Information shown>
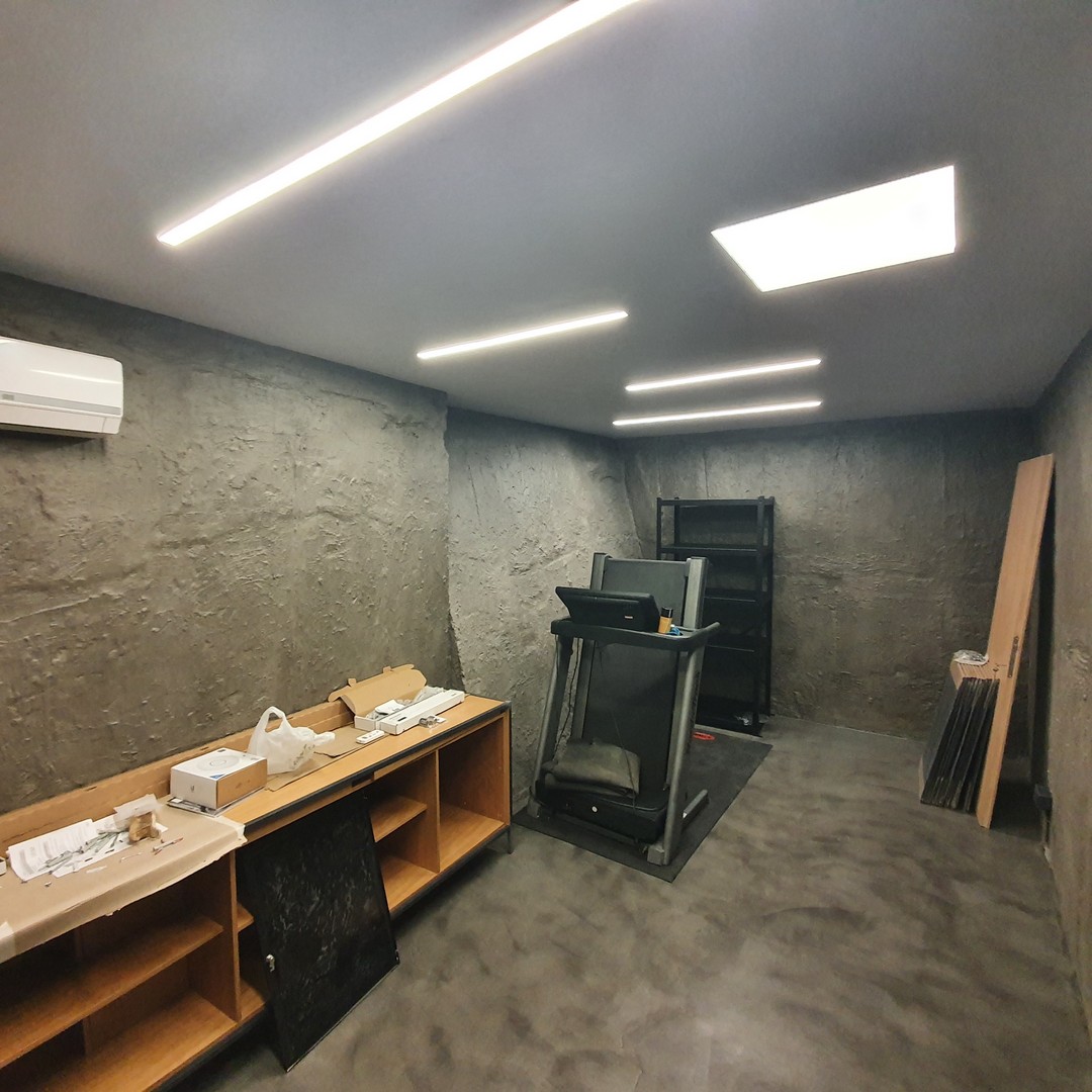 Μετατροπή παλαιού βόθρου 25τ.μ σε προσωπικό χώρο χρήσης με λουτρό με Ντους και εντοιχιζόμενων είδη υγιεινής Grohe χώρο εκγύμνασης.
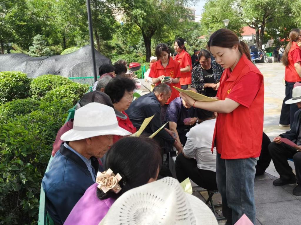 在开展中医养生知识宣传的同时,实践队师生还积极进行学院招生宣传工作。三位老师向社区居民和广场市民详细介绍了山西药科职业学院的办学历史、专业设置、师资力量和教学特色。重点围绕中药学、药学等专业,深入讲解课程体系、实训条件和校企合作模式,展示学院“厚德尚能、励志笃行”的育人理念和丰硕的办学成果。面对家长和学生关于招生政策、志愿填报、就业前景等方面的疑问,师生们结合自身学习和实践经验,进行耐心细致的解答,帮助他们全面了解学院的人才培养模式和发展前景。
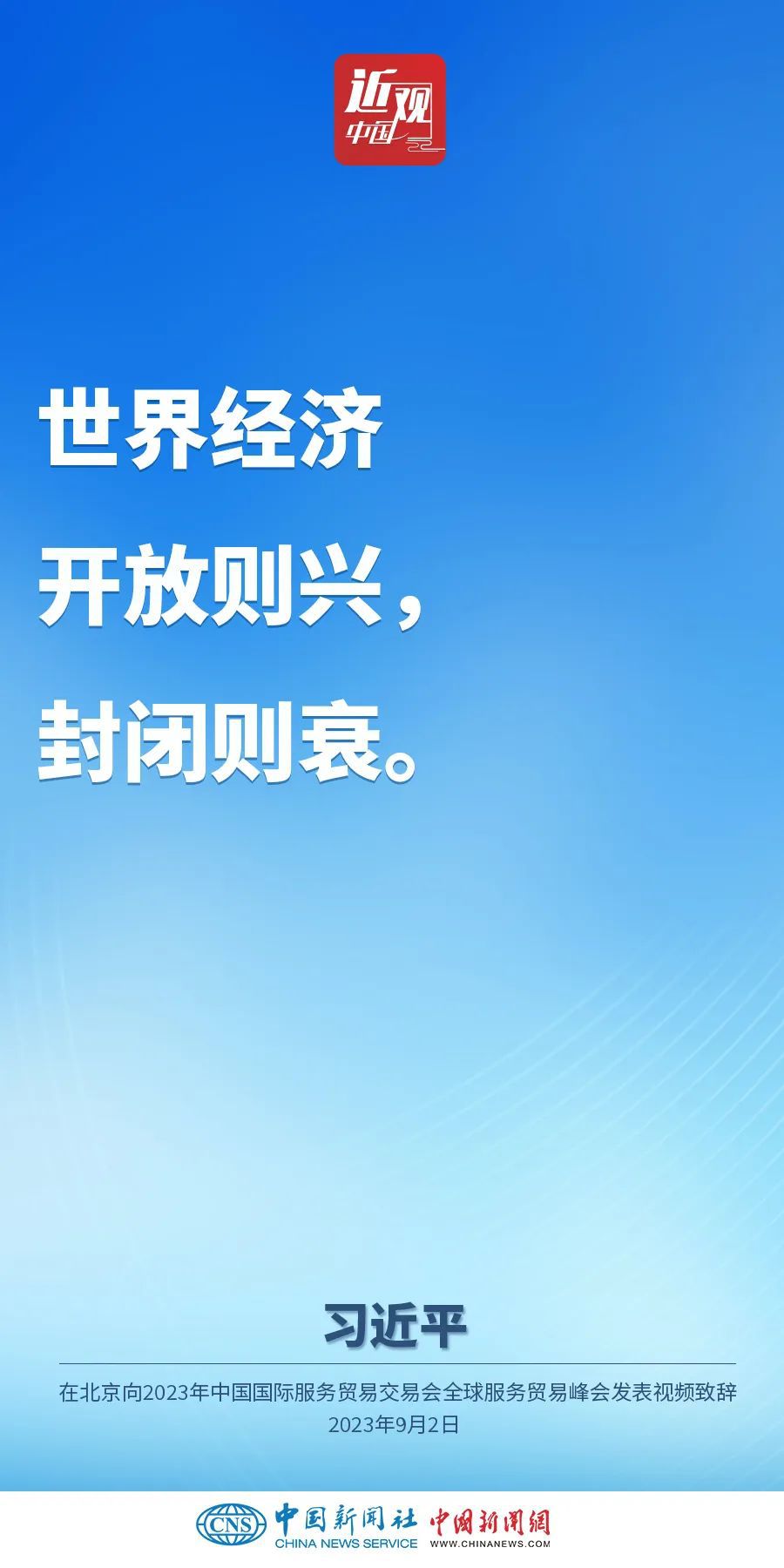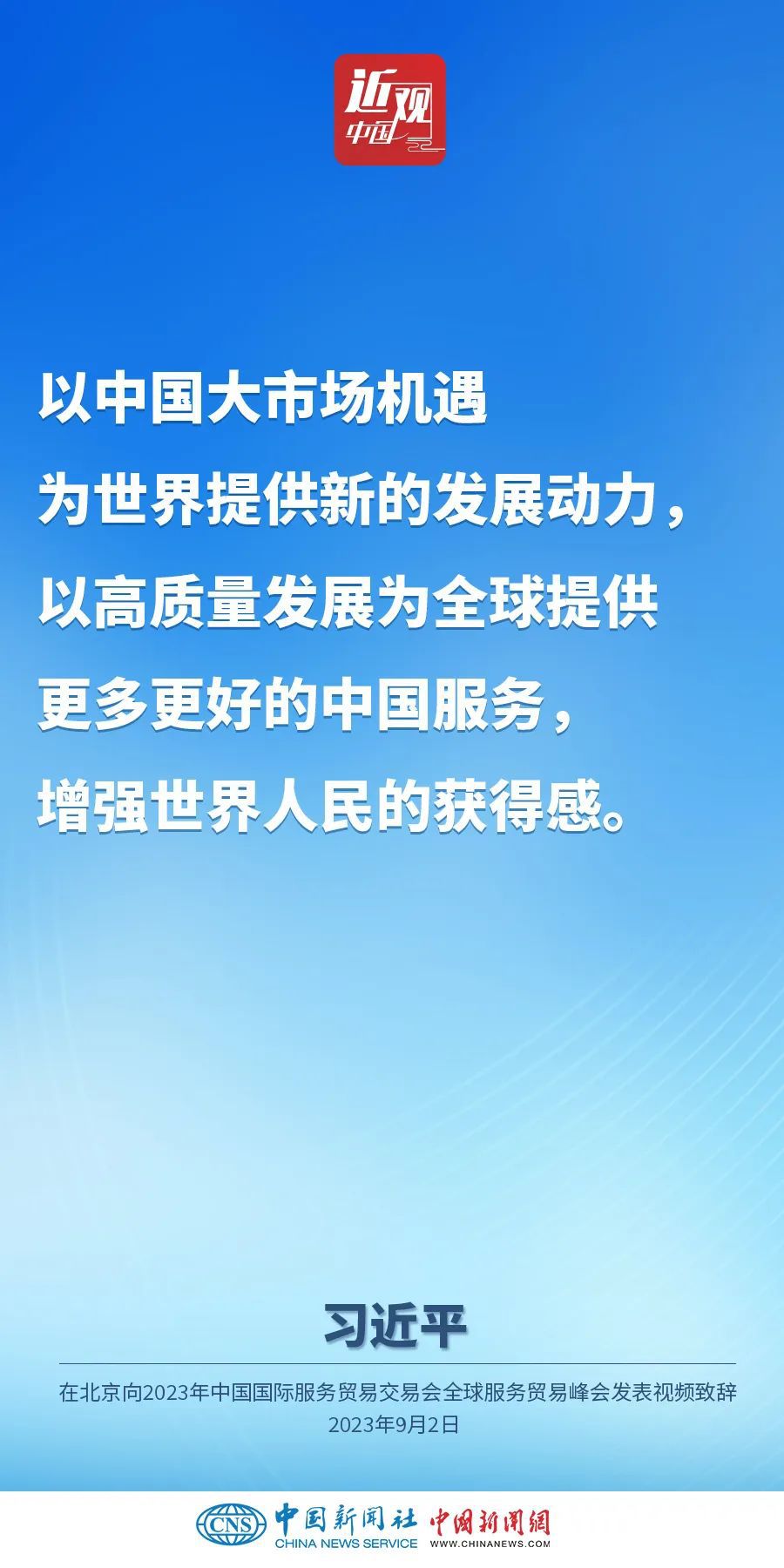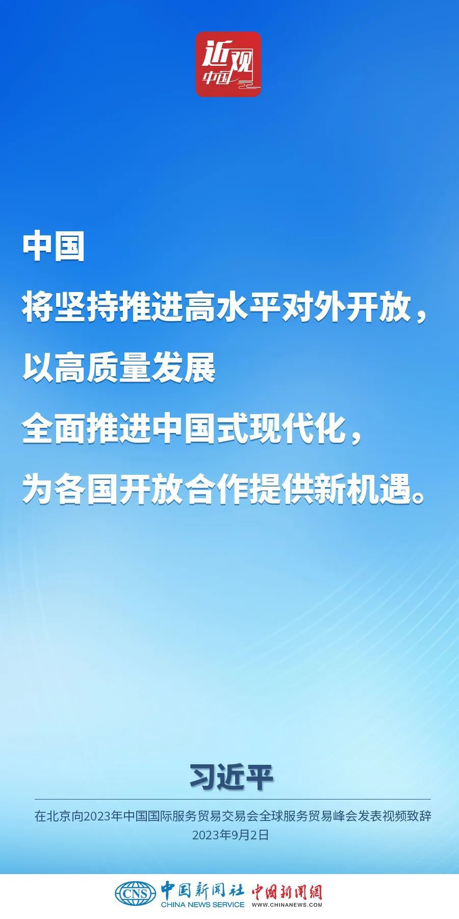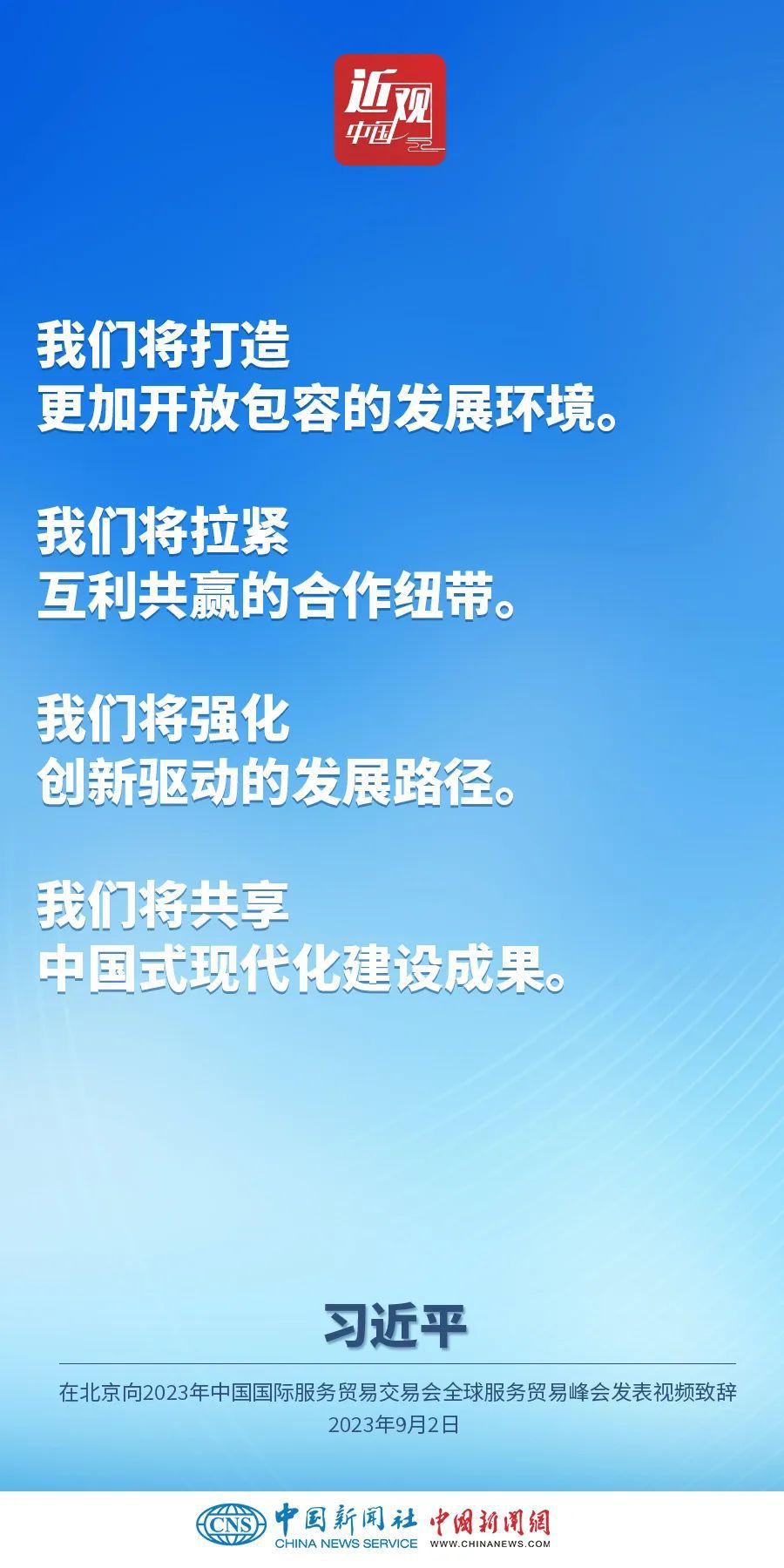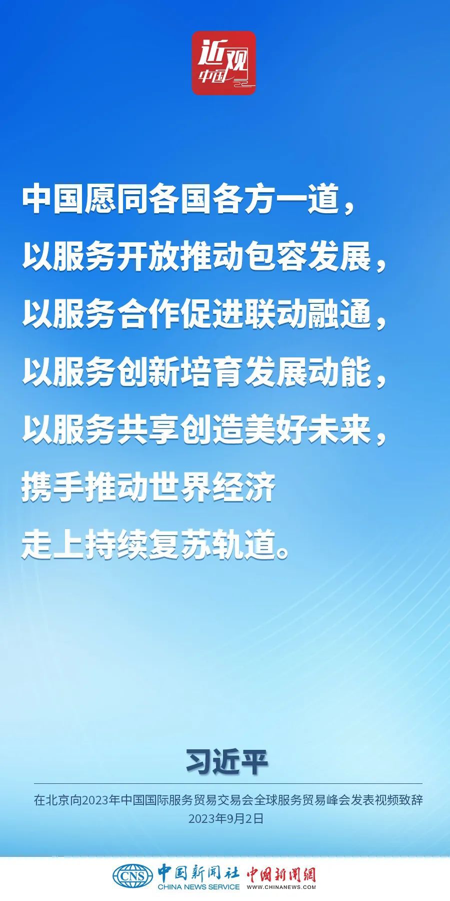 9月2日上午,中国国家主席习近平在北京向2023年中国国际服务贸易交易会全球服务贸易峰会发表视频致辞。他指出——

Exercise objective> Retype the data exactly as it stands, but keep the images out of your copy.

Task answer>
 Μετατροπή παλαιού βόθρου 25τ.μ σε προσωπικό χώρο χρήσης με λουτρό με Ντους και εντοιχιζόμενων είδη υγιεινής Grohe χώρο εκγύμνασης.
 在开展中医养生知识宣传的同时,实践队师生还积极进行学院招生宣传工作。三位老师向社区居民和广场市民详细介绍了山西药科职业学院的办学历史、专业设置、师资力量和教学特色。重点围绕中药学、药学等专业,深入讲解课程体系、实训条件和校企合作模式,展示学院“厚德尚能、励志笃行”的育人理念和丰硕的办学成果。面对家长和学生关于招生政策、志愿填报、就业前景等方面的疑问,师生们结合自身学习和实践经验,进行耐心细致的解答,帮助他们全面了解学院的人才培养模式和发展前景。
 9月2日上午,中国国家主席习近平在北京向2023年中国国际服务贸易交易会全球服务贸易峰会发表视频致辞。他指出——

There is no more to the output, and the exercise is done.